WXKL (1290 AM) is a radio station broadcasting an Urban Gospel radio format. It is licensed to Sanford, North Carolina, and is owned by Mary and Mark Dangerfield, through licensee Macadell & Associates, Inc.

By day, WXKL is powered at 1,000 watts. But to protect other stations on 1290 AM from interference, at night it reduces power to 40 watts. It uses a non-directional antenna.

==History==
WXKL originally signed on the air on October 2, 1952 as WEYE 1290AM with 1000 watts of power. WEYE operated with 500 watts pre-Sunrise Authority and at sunrise raised power to 1000 watts, and signed off at sunset. The station was first licensed through Waldo W. Primm—after his sale of WWGP, Sanford—and a local investment partner. The WEYE tower and studio were first located on old Spring Lane, now developed with shopping center and custom residences. (Mr. Primm resigned in mid-1950s and moved to Durham, NC, where he became chief engineer for WDNC and engineer for the Duke football network.) The origins of its early programs are unknown, until the early 1960s, when it played top 40 music. Jerry M. Farmer was one of the early station managers and morning hosts. Farmer also was news director and a top salesman of commercial advertising. In 1964, the studios of WEYE moved to the Kendale Shopping Center in Jonesboro Heights Sanford. This move enabled the general populace to look in from street level to the on-air personalities at work. In 1973, WEYE moved to 1819 Lee Avenue.

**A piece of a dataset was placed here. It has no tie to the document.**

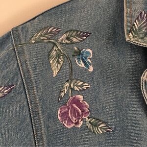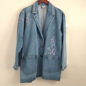 VINTAGE CMC Oversized Denim Blazer with Floral Designs | Size Large
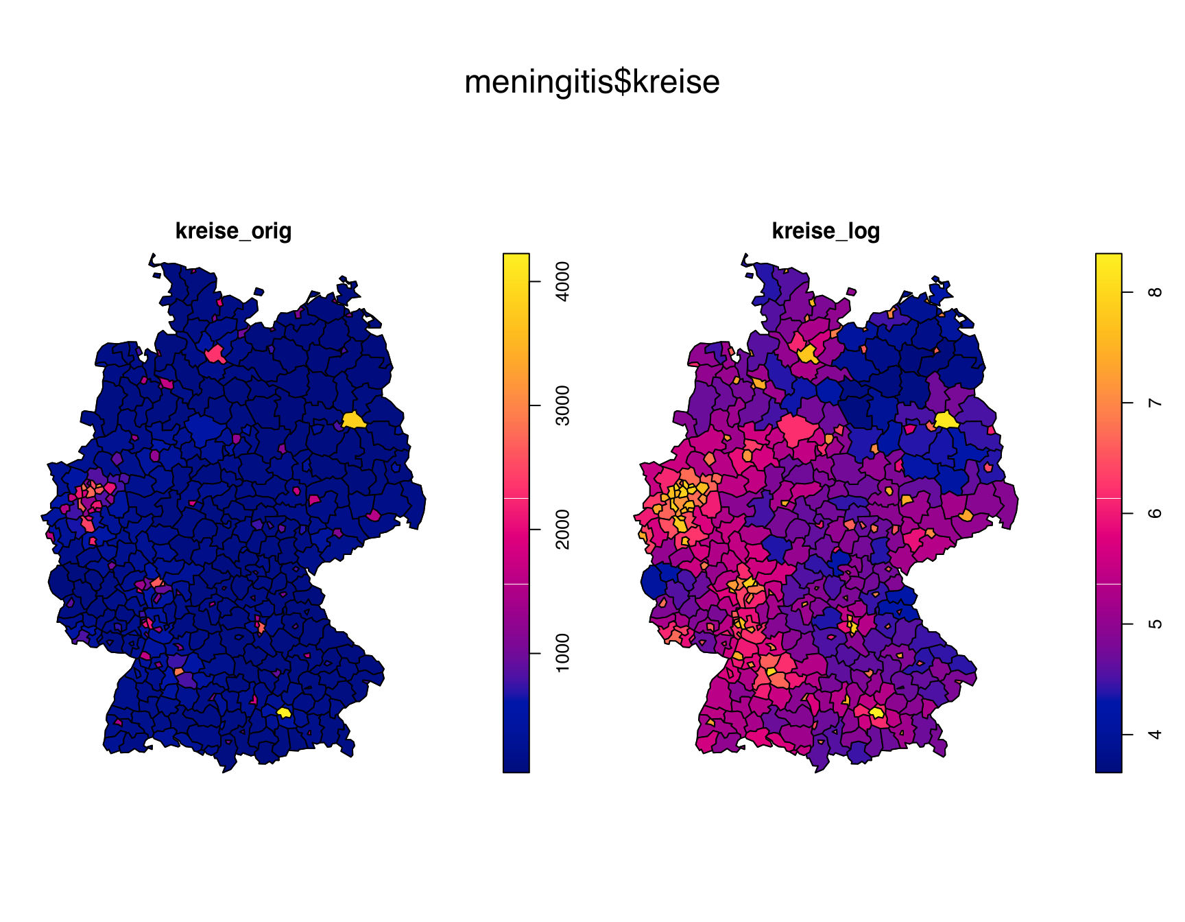 Listing 41.3 applies the log-transformation on the numeric marks of the tessellation meningitis$kreise (Section 10.16), and plots the original and log-transformed tessellations side-by-side for comparison (Figure 41.1).

As time progressed through the 1960s into the 1970s, Jerry M. Farmer left WEYE to teach Radio Television Broadcasting with Central Carolina Technical Institute in Sanford from 1970 to 1997. On December 23, 2013, Jerry Farmer died at the age of 78. He was followed at WEYE by such air personalities as: Ted Harris, Bill Medlin, Frank Parks, Danny Davis, Bruce Strickland, Mike Dennis, and Steve Stevens. WEYE aired "BINGO" in the late 1960s from 10-10:30 AM, hosted by Jerry Farmer. In the 1970s, "Swap Shop", a buy and sell program aired from 10:30-11 AM. In 1976, WEYE began to compete with cross town rival, WWGP, in the area of local news. WEYE hired Lou Merrit, a graduate of Central Carolina Technical Institute's Radio-TV Program. Lou worked local news from 1976–1978, before moving to WFJA-FM sister station of cross town rival, WWGP.

Managers of WEYE were Larry Newcomb, Joe Tucker, Gary Dumars, Bob Manning, and Ken Burch. In 1979, WEYE was sold to Lamar Simmons of Lillington and the call letters were changed to WSBL, later WXKL. Simmons changed the format from top 40 to country music. In the 1960s and 1970s, WEYE carried ABC Contemporary Network News at 54:30 past the hour. Also they carried ABC Sports which allowed them to carry Howard Cosell Comments. When Simmons owned the station, he dropped ABC News and carried news from the North Carolina News Network at 55 past the hour. Simmons sold WXKL to Dr. Samuel David Ciliberto and his wife Betty in the 1980s. The format was changed to Southern Gospel Music and the studios moved to their home, vacating the 1819 Lee Avenue location. In the 1990s, Dr. Ciliberto sold the station to Rev. James Thomas. Rev. Thomas became owner of WXKL in November 1994. Rev. Thomas still operates WXKL playing primarily African American Gospel Music, both live and recorded. Today, WXKL, after a couple of studio move locations, has its studios at 1516 Woodland Avenue in Sanford, NC. Rev. James Thomas lived well into his eighth decade of life and will be remembered as a prominent African American broadcaster in not only Lee County but in the great state of North Carolina. Rev. Thomas died in February 2011.

On January 30, 2013, Rev. Thomas' estate sold the station to Jimmy Johnson's Johnson Broadcast Ventures, Ltd. at a purchase price of $26,000. The transaction was consummated on March 1, 2013.

Later in 2013, Johnson sold WXKL to Mary and Mark Dangerfield's Macadell & Associates, Inc. at a purchase price of $65,000. That transaction was consummated on August 15, 2013.